*Activity*: Apart from the images, reproduce all of the data word for word.

*Extracted entries*:
================

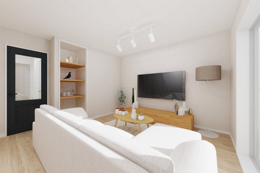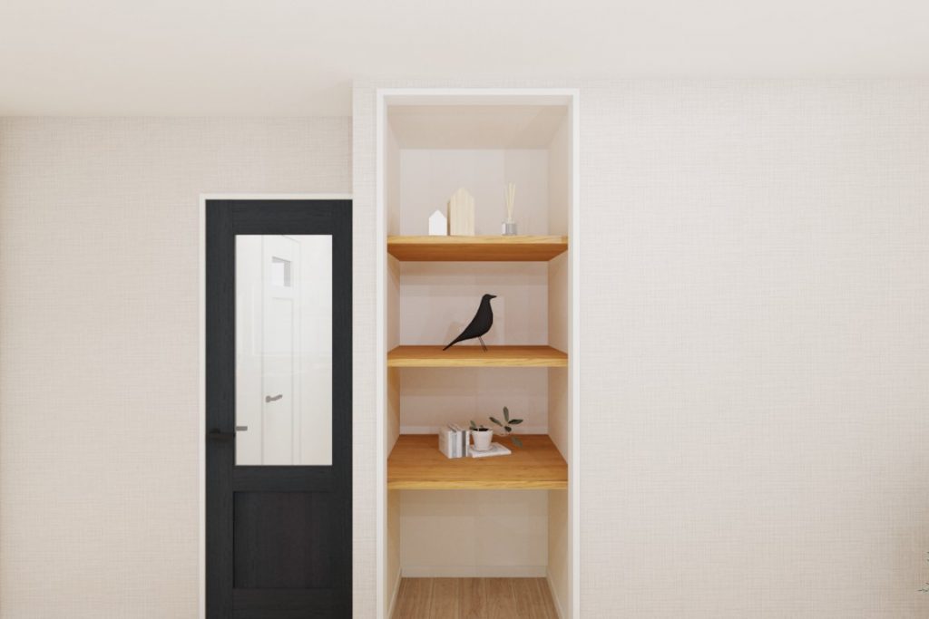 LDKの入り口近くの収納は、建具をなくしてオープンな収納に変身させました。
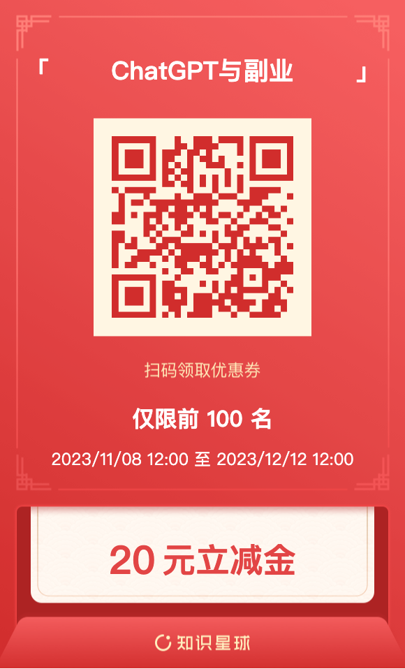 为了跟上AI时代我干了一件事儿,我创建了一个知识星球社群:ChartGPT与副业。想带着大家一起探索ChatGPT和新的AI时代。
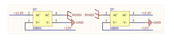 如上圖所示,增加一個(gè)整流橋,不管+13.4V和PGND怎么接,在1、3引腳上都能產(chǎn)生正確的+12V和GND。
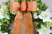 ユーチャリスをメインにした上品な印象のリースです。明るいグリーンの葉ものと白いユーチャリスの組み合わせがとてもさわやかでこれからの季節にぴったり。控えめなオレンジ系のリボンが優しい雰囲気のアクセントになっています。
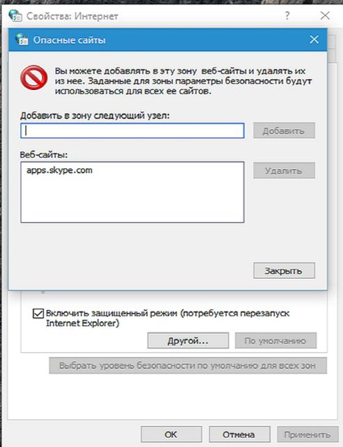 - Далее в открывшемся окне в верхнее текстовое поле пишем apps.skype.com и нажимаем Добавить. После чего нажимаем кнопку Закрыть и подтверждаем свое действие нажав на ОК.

================

*Response box*:
 LDKの入り口近くの収納は、建具をなくしてオープンな収納に変身させました。
 为了跟上AI时代我干了一件事儿,我创建了一个知识星球社群:ChartGPT与副业。想带着大家一起探索ChatGPT和新的AI时代。
 如上圖所示,增加一個(gè)整流橋,不管+13.4V和PGND怎么接,在1、3引腳上都能產(chǎn)生正確的+12V和GND。
 ユーチャリスをメインにした上品な印象のリースです。明るいグリーンの葉ものと白いユーチャリスの組み合わせがとてもさわやかでこれからの季節にぴったり。控えめなオレンジ系のリボンが優しい雰囲気のアクセントになっています。
 - Далее в открывшемся окне в верхнее текстовое поле пишем apps.skype.com и нажимаем Добавить. После чего нажимаем кнопку Закрыть и подтверждаем свое действие нажав на ОК.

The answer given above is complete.